From the above, the present invention can do classification with phoneme model, producing group's framework, and according to this group's framework, utilizes the adjustment parameter relevant with the user to adjust phoneme model, the also related whereby model of cognition of having adjusted.Therefore the present invention can overcome the shortcoming of existing instruction audio recognition method, by importing less voice, can adjust model of cognition, to promote individual speech recognition rate.

The above embodiments only are used for exemplifying enforcement aspect of the present invention, and explain technical characterictic of the present invention, are not to be used for limiting category of the present invention.Any be familiar with this operator can unlabored change or the arrangement of the isotropism scope that all belongs to the present invention and advocated, interest field of the present invention should be as the criterion with the application's claim scope.

Claims

1. a method that promotes individual speech recognition rate is used for a portable electronic devices, this portable apparatus, has a default model of cognition, this model of cognition is according to the construction of at least one phoneme model institute, with at least one instruction voice that a user is sent, discerns; This method comprises the following step:

The lteral data storehouse that construction one is specific is relevant with the pairing literal of these instruction voice;

Capture a plurality of speech datas that this user is sent according to this article numerical data base, go out one with construction and adjust parameter; And

Integrate this at least one phoneme model and this adjustment parameter, to adjust this model of cognition.
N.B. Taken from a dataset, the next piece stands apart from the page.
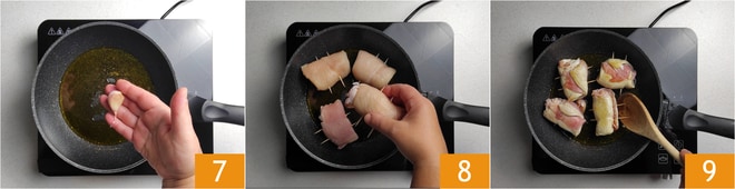 Dans une poêle, versez l'huile, ajoutez l'ail en chemise 7 et faites frire pendant quelques minutes. Mettez les roulades dans la poêle 8 et faites-les dorer, à feu vif, de chaque côté 9 pendant 3-4 minutes.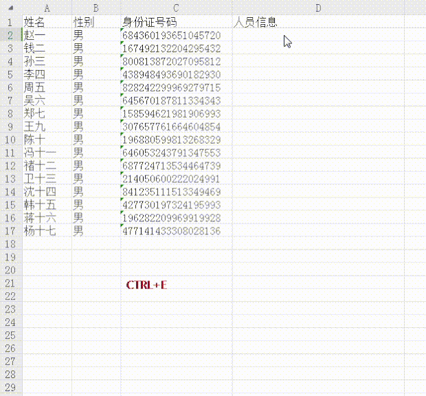 Excel 会自动按照你在 D2 做的“示例格式”,把下面所有行的姓名、性别、身份证号都自动合并起来。五、小结

2. method according to claim 1 is characterized in that this construction one adjusts the step of parameter, is the proper vector of these a plurality of speech datas of acquisition, and at this at least one phoneme model, sets up group's framework.

3. method according to claim 2 is characterized in that this construction one adjusts the step of parameter, is the voice according to particular association, sets up this group's framework.

4. method according to claim 2 is characterized in that this adjusts the step of model of cognition, is according to this group's framework, so that this at least one phoneme model and this are adjusted parameter, integrates.

5. method according to claim 1 is characterized in that this model of cognition is by the construction of at least one unspecific phoneme model institute.

6. a module that promotes individual speech recognition rate is used for a portable electronic devices, comprises:

One model of cognition defaults in this portable electronic devices, and this model of cognition is by the construction of at least one phoneme model institute, is at least one instruction voice that sent in order to a user, discerns;

One adjusts parameter model, comprises group's framework, and this a group's framework and a user's language tendency is irrelevant; And

One integrate module is integrated this at least one phoneme model and this adjusts parameter model, to adjust this model of cognition.

7. module according to claim 6 is characterized in that this group's framework, is that the particular association of this at least one phoneme model of basis forms.

8. module according to claim 6 is characterized in that this model of cognition is by the construction of at least one unspecific phoneme model institute.